For squares with side $$2$$ unit: Along the $$m$$ horizontal lines $$m - 2$$ squares can be formed and along the $$n$$ vertical lines $$n - 2$$ sqaures can be formed. Thus, total no. of such squares $$= (m - 2)(n - 2)$$

Since $$m < n,$$ total no. of squares $$= \sum_{i = 1}^{m - 1}(m - i)(n - i)$$

$$= \sum_{i = 1}^{m - 1}(mn - (m + n)i - i^2)$$

This gives us our desired answer.

44. The set of lines given are parallel. The two sets are perpendicular to each other as we know from co-ordinate geometry. Thus, following from previous exercise we arrive at the same answer.

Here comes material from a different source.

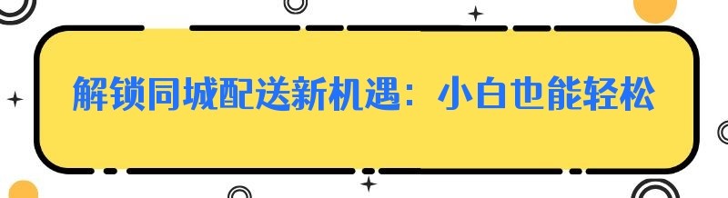 解锁同城配送新机遇:小白也能轻松上手的创业指南

45. Total no. of ways of dividing $$3n$$ elements in three groups which contain equal no. of elements $$= \frac{2n!}{6(n!)^3}$$

46. No. of ways in which $$50$$ different things can be divided in $$5$$ sets three of them having $$12$$ things and two of them having $$7$$ things each $$= \frac{50!}{(12!)^3(7!)^23!2!}$$

47. This problem is same as previous.

48. $$\frac{n!}{a!b!\ldots k!}$$ is no. of ways of dividing $$n$$ different things in groups of $$a, b, \ldots, k$$ things.

49. $$\frac{(ab)!}{a!(b!)^a}$$ is no. of ways of distributing $$ab$$ different things in $$a$$ groups of $$b$$ things each. Thus, it is an integer.

50. $$\frac{(n^2)!}{(n!)^{n + 1}}$$ can be rewritten as $$\frac{(n^2)!}{n!(n!)^{n}}$$ which is distributing $$n^2$$ different things into $$n$$ groups each containing $$n$$ things.